The project of the Laboratory of Sociobiology and Human Behavioral Ecology received support in the competition for the creation of research and study groups at the National Research University Higher School of Economics
Employees of the Center for Sociocultural Research, together with colleagues from other scientific departments of the National Research University Higher School of Economics, were among the winners in the competition to create research and study groups. The research initiative of the proposed NUG is aimed at deciphering the adaptive foundations of culture from the point of view of human behavioral ecology.
The uniqueness of this project lies in its interdisciplinarity, since it will involve both social and cross-cultural psychologists, as well as specialists in cognitive sciences, along with demographers and sociologists. The new Laboratory of Sociobiology and Human Behavioral Ecology intends to consider human behavior both at the population (inter- and intra-country) and individual (psychological and neurophysiological) levels.
In the first year of work, Albina Gallyamova (research intern at CSKI) will undertake the creation of a new model of cultural orientations, and Elizaveta Komyaginskaya (research intern at CSKI) will focus on creating methods for the psychometric assessment of life history strategies. In turn, Dmitry Grigoriev (research fellow at CSKA) intends to conduct a cross-country analysis of life history strategies in response to the harshness and unpredictability of the environment.
Leading researchers in the study of neurophysiological mechanisms of cooperation and social conformity will be Alisa Godovanets and Eliana Monakhova (Center for Neuroeconomics and Cognitive Research).
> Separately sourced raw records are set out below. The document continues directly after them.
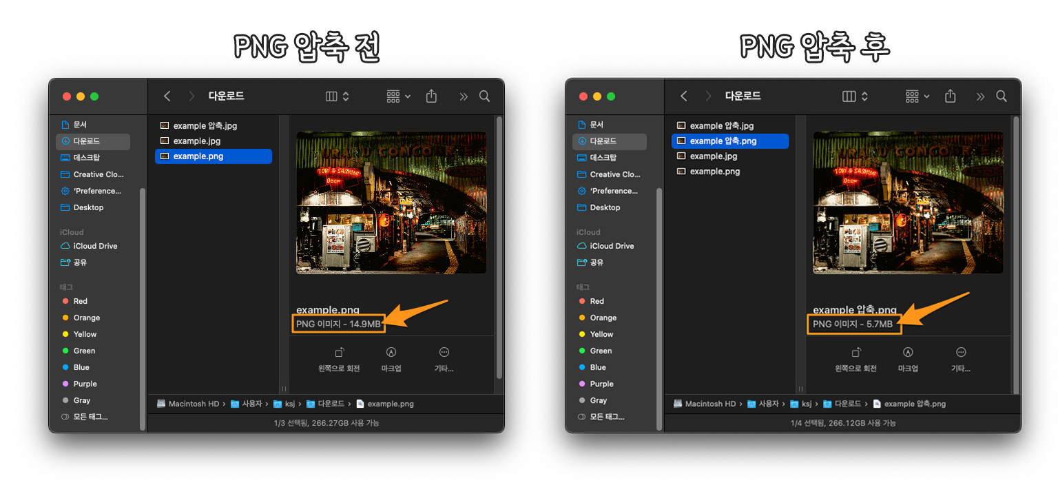 위의 JPG(2.3MB)를 PNG 형식으로 바꾸면 약 14.9MB로 용량이 엄청 커지게 됩니다. 그리고 이 PNG 파일을 압축하면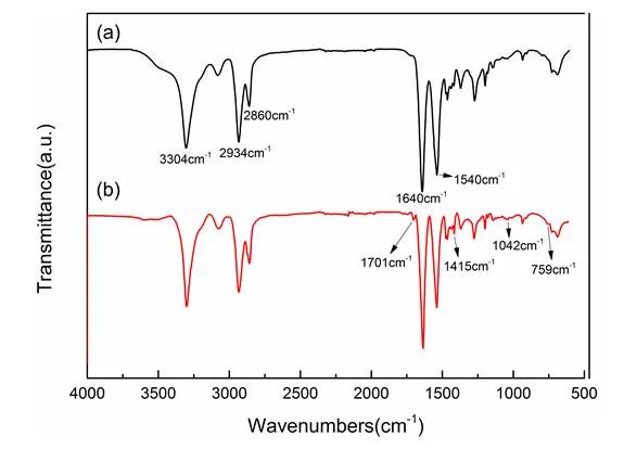 從圖中b曲線可觀察到,FRPA66-4特征峰與PA66(圖中a曲線)基本一致,說明己二酸己二胺鹽已合成PA66。同時還發現FRPA66-4出現一些新吸收峰,1701 cm-1處為C=O特征吸收峰,1415 cm-1處為P-C特征吸收峰,1042 cm-1處為P=O特征吸收峰,759 cm-1處為苯環C-H特征吸收峰。分析可知,DDP經共聚反應引入PA66分子鏈。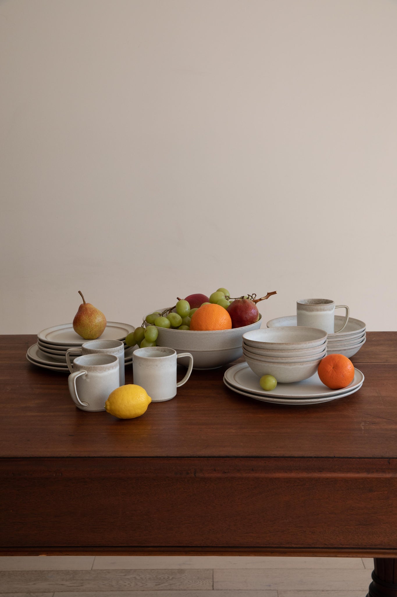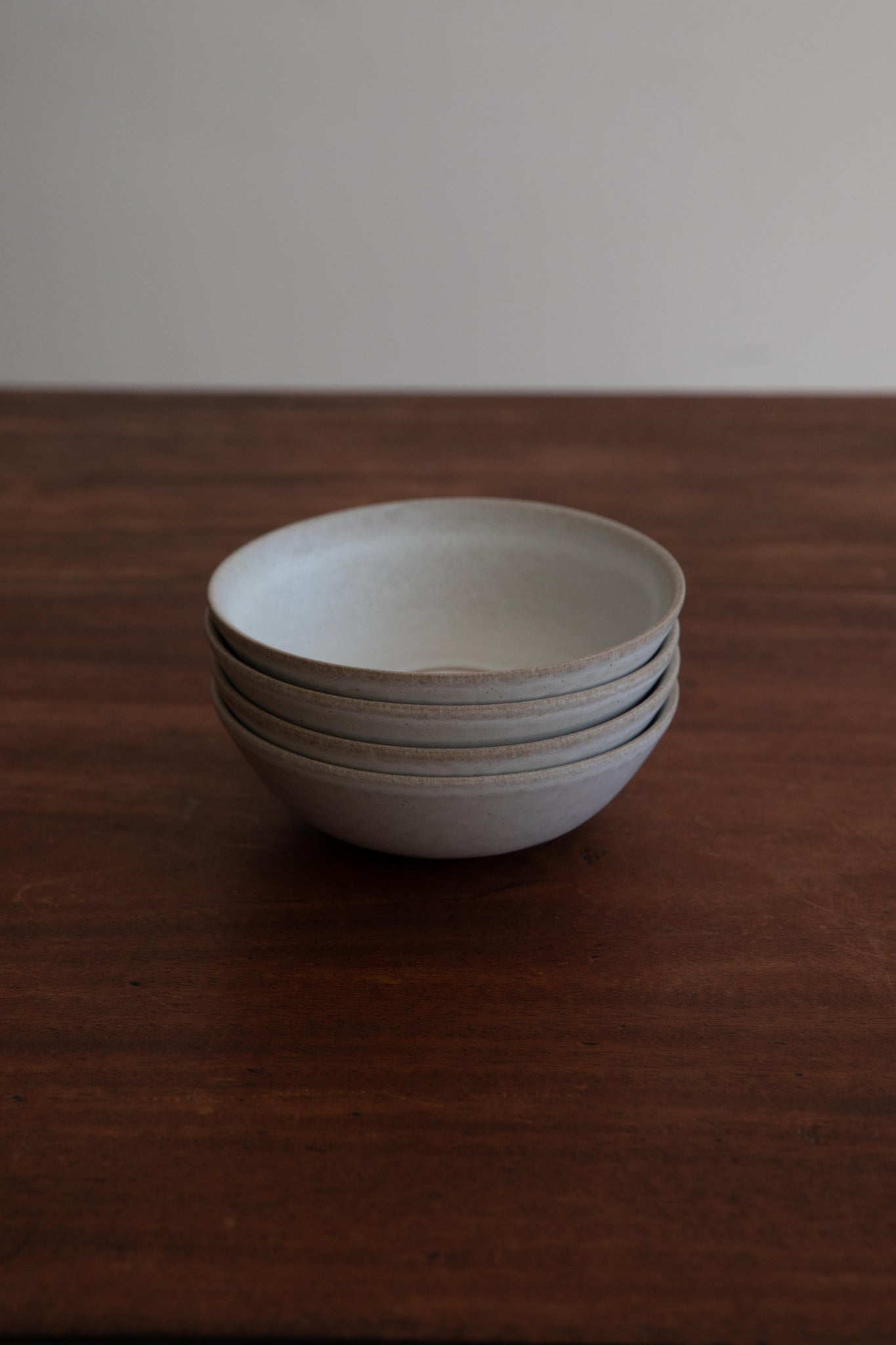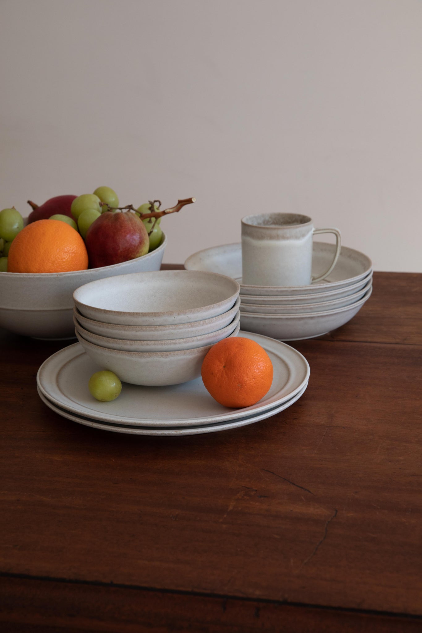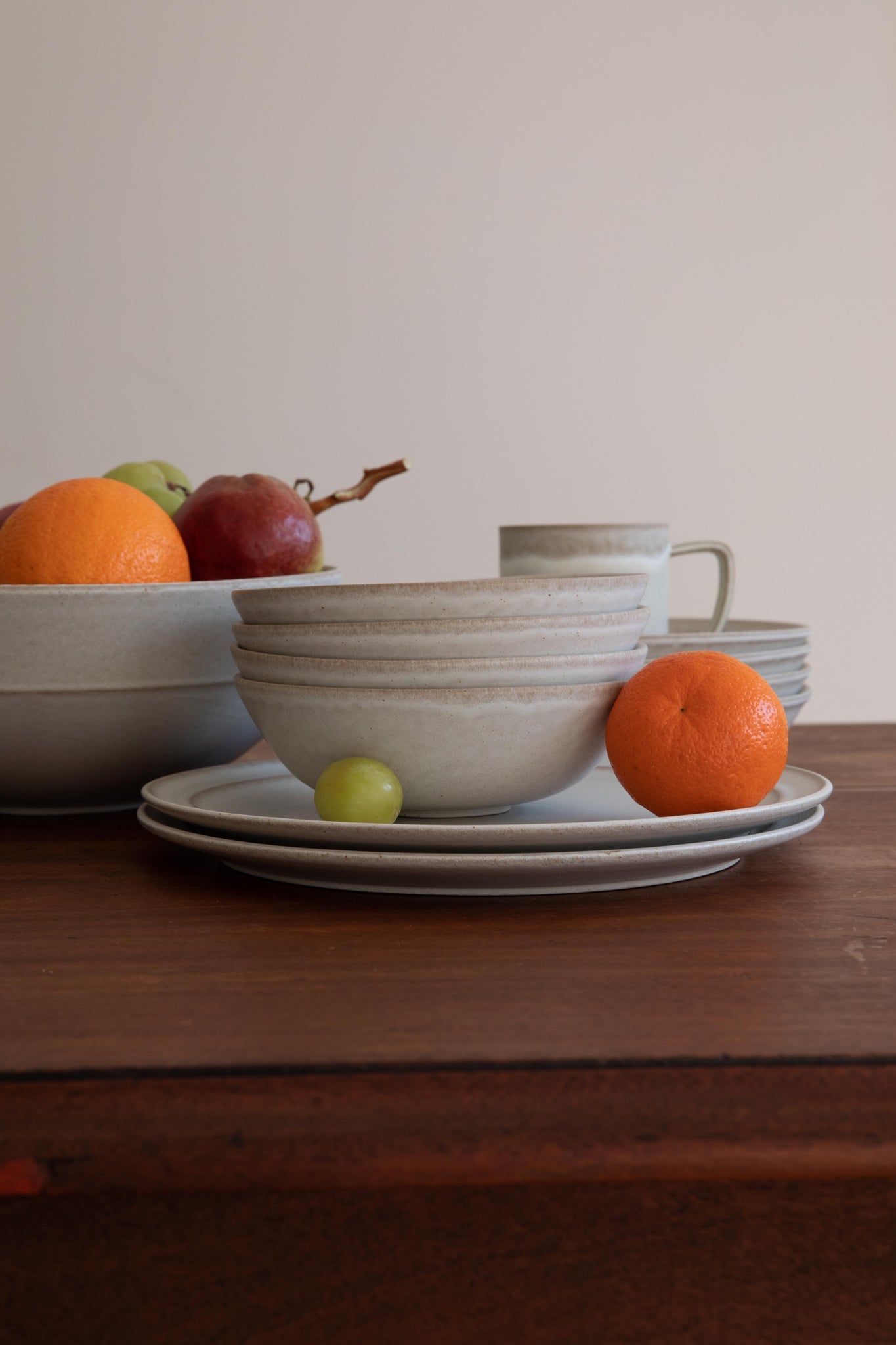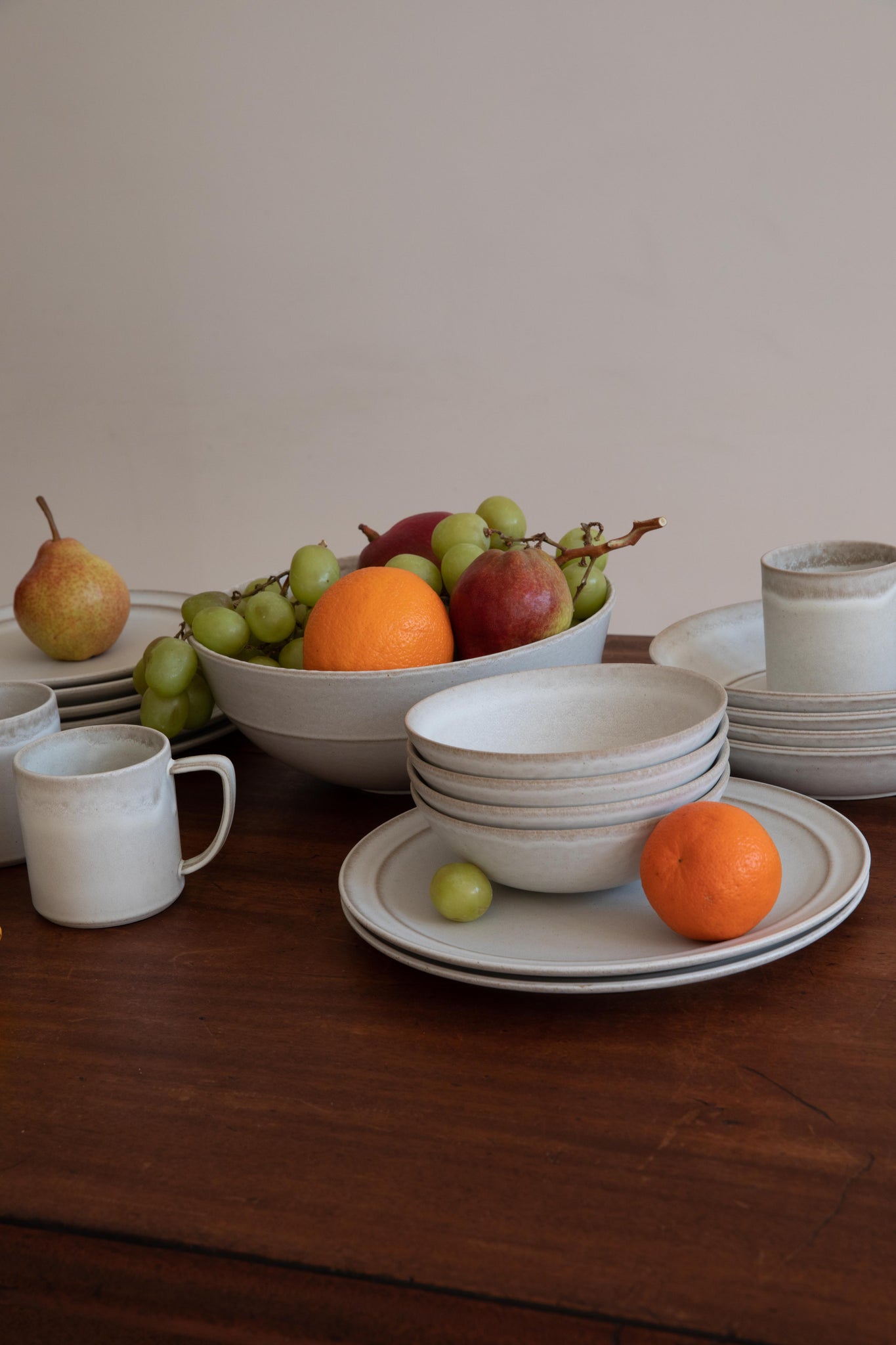 These beautiful bowls have the most stunning glaze. Made of a beige speckled ceramic, the glaze on top is a pearly off white, which is thinner in some areas around the rim which give a nice depth and texture showing the clay underneath. They work perfectly in a set, or if you need a special extra serving dish, these would work wonderfully.

While Anna Mironova (Centre for Integrated Social Policy Research) and Anna Vasyunina (International Laboratory for Population and Health Research) will study life history trade-offs in differences between Russian regions.
The ultimate goal of the joint work is to create an integrative interdisciplinary direction in Russia for the study of human behavior within the framework of life history theory. This will require not just bringing together different areas of research, but also creating synergies between them, opening new horizons of understanding of human behavior and culture.